Frederic Lemieux: Because the U.S critical infrastructure is so decentralized and composed of a myriad of private actors, the federal and state governments should play a key role in incentivizing private companies, who are a part of the critical infrastructure, to invest in implementing standards. These incentives could be tax break or deductions for eligible cybersecurity expenditures. Also, in certain key sectors like energy, telecommunication, and transportation the government should increase the cost of not adopting cybersecurity standards like fines and suspensions of accreditation, licenses/permits, and contracts. Both the carrot and the stick should be used.
Frankel: Where do you stand on the question of banning Chinese technology companies (e.g., Huawei) from Western countries’ critical infrastructure?
Lemieux: I think this is a very short-term approach and the U.S government has to develop a more comprehensive strategy regarding critical technologies and its components. It’s not just about computer, phones or networks. Don’t forget that in 2021, China produced a record breaking 140 billion semiconductors for the world to consume. Additionally, in an economy largely impacted by a disrupted supply chain, especially for semiconductors, the U.S will have to seriously reconsider where it intends to find the supply of these sensitive technological components and better control the production. Because just banning Chinese companies will not improve the situation.
Frankel: There are hundreds of thousands of vacant cyber security jobs in the United States, in both the government and the private sector. Can the U.S. educational system be capable of producing enough cyber security talent to fill this ever-growing need?
Lemieux: Overall, there is approximately 400 Cyber Security programsbased on the Center of Academic Excellence (CAE)database designated cybersecurity programs by the NSA and DHS.But this is clearly not enough. In fact, we observe that giant tech companies are starting to develop and offer professional certificates and stackable short trainings in the field of cybersecurity. Students can earn skill badges that demonstrates some key competencies in cybersecurity for a very low cost. For instance, Google offers a cloud security engineer learning path and Microsoft offers all sort of certifications in cybersecurity (security administrator, security operation analyst, azure security engineer, etc.). The private sector is clearly stepping up to address their own needs in terms of skilled cybersecurity workforce.

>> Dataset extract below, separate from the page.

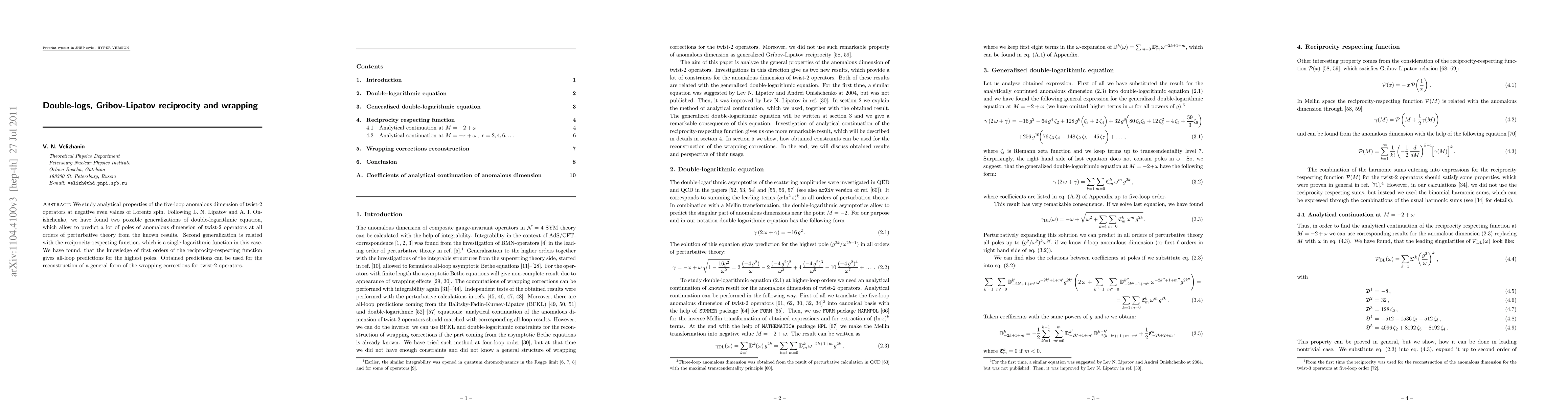 The paper explores the analytical properties of the five-loop anomalous dimension of twist-2 operators at negative even Lorentz spin values. It introduces two generalizations of the double-logarithmic equation, enabling all-order predictions for poles of the anomalous dimension. One generalization is linked to a reciprocity-respecting function, a single-logarithmic function in this case. The study reveals that knowing the first orders of this function provides all-loop predictions for the highest poles, facilitating the reconstruction of wrapping corrections for twist-2 operators.

Frankel: Where do you stand on the issue of allowing more cyber talent from other countries to come and work in the United States?
Lemieux: I believe that the United States has a long tradition of attracting and importing talents. However, the demand for skilled cybersecurity workforce is very high around the world and the supply is low. This has two major consequences. First, the U.S has to compete with many other western countries to attract cybersecurity talents and these countries offer very competitive socio-economic benefits. Second, this international demand for a skilled workforce put several developing countries and emerging economies at risk because they cannot compete to retain their cybersecurity talents. An obvious consequence of this is that tech companies in Latin America, India, and Asia developing technologies for the U.S market do not have access to the same pool of qualified cybersecurity workers, which impact the security of the devices manufactured abroad and sold in the U.S.

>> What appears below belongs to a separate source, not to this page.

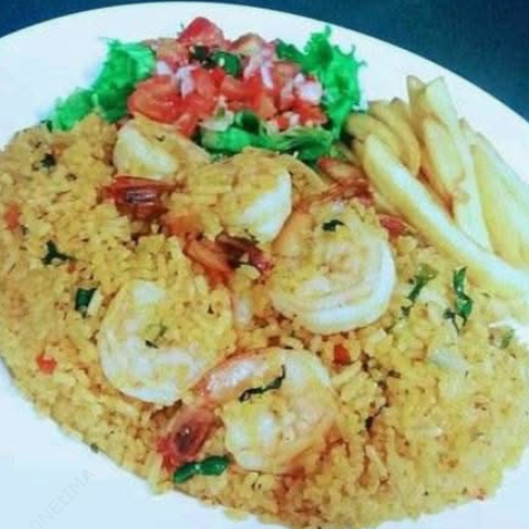 Arroz con Camarones Ensalada y Papas

Frankel: We are on the verge of the IOT era: Many devices and device components, which will be part of IOT, are not produced in the United States. How do we ensure that these devices are cyber secure?
Lemieux: According to Statista, the number of IoT devices deployed in the United States will almost double between 2019 and 2025, increasing from 2.8 billions to a projected 5.4 billons devices. In order to ensure some level of security and protection of IoTs and their supporting networks, the National Institute of Standards and Technology (NIST) has issued a series of guiding principles for manufacturers, federal agencies, and consumers. For the manufacturing industry these guides address the security of IoT in conception phase, design, development, testing, selling, and service support for IoT devices. The IoT Cybersecurity Improvement Act of 2020 mandates NIST to provide guidance to the federal government on several aspects including but not limited to the selection, acquisition, deployment, and use of IoT technologies. This law also extends to federal government’s supply chain management practices and private contractors. Also, the Executive Order on Improving the Nation’s Cybersecurity(14028) address the multifaceted security risks including the IoT. The executive order specifically stipulates that “NIST shall initiate pilot programs informed by existing consumer product labeling programs to educate the public on the security capabilities of Internet-of-Things (IoT) devices and software development practices, and shall consider ways to incentivize manufacturers and developers to participate in these programs”. These legal and executive dispositions as well as standards provide a cybersecurity baseline for IoT devices and devices components.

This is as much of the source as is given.